Check Point aims to automate VPN expansions

Check Point Software Technologies Ltd. this week will announce a way for users to insert additional security gateways in VPNs without having to manually reconfigure the existing gateways.

The company is adding a software feature called Automated VPN Deployment that frees network managers from a chore that grows enormously as a VPN grows. For example, adding a sixth gateway to a fully meshed, five-gateway VPN calls for configuring five new tunnels - which is typically no big deal. Adding 20 gateways to an 80-gateway network, however, calls for 2,290 new tunnels.

This automated deployment is done using a certificate authority that has been added to Check Point's VPN management server. The certificate authority automatically authenticates the new gateways so the existing ones know it's OK to create tunnels with them.

Check Point is also automating the process of distributing changes to VPN clients on remote PCs. Changes to security policies that govern how remote PCs must behave in a VPN can now be pushed to client devices when they log on.

Some similar features are supported by Check Point VPN competitors, including NetScreen Technologies Inc. and Cisco Systems Inc. Because Check Point also licenses its products to other vendors, some of these features could show up in Nokia Corp. and RapidStream equipment as well.

These changes are part of a broad upgrade to its software - clients, gateways, firewalls - Check Point is calling Next Generation. The upgrades include the ability for users to monitor traffic between sites to determine effective throughput and network delay between VPN gateways.

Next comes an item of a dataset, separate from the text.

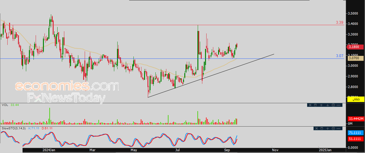 لهذا نحن نرجح عودة صعود سعر السهم خلال تداولاته القادمة، طيلة ثبات مستوى الدعم 3.07، ليستهدف مستوى المقاومة 3.30.

This feature can be used by firms to monitor traffic for problems and verify whether service providers are meeting service-level agreements.

Next Generation software also includes support for Differentiated Services, the scheme for tagging IP packets so they are treated with varying levels of priority.

The software also adds the ability to try alternative access to resources if the primary link fails. So, for example, a user at a branch office might try to reach a server at headquarters and the connection fails. The branch-office server would instead make a VPN connection to another branch office that has a dedicated link to headquarters. Check Point calls this Continuous Access VPN.

This feature is valuable but has some limitations, says Don Meyers, manager of research and development for Memphis investment firm Morgan Keegan & Co. Users have to weigh the importance of the traffic that travels over the alternate, dedicated route. These dedicated links are usually sized for a certain amount of traffic and could become congested if all VPN traffic to a downed site is allowed to cross them, he says.

These new features are available now as a free upgrade to customers with a software subscription contract.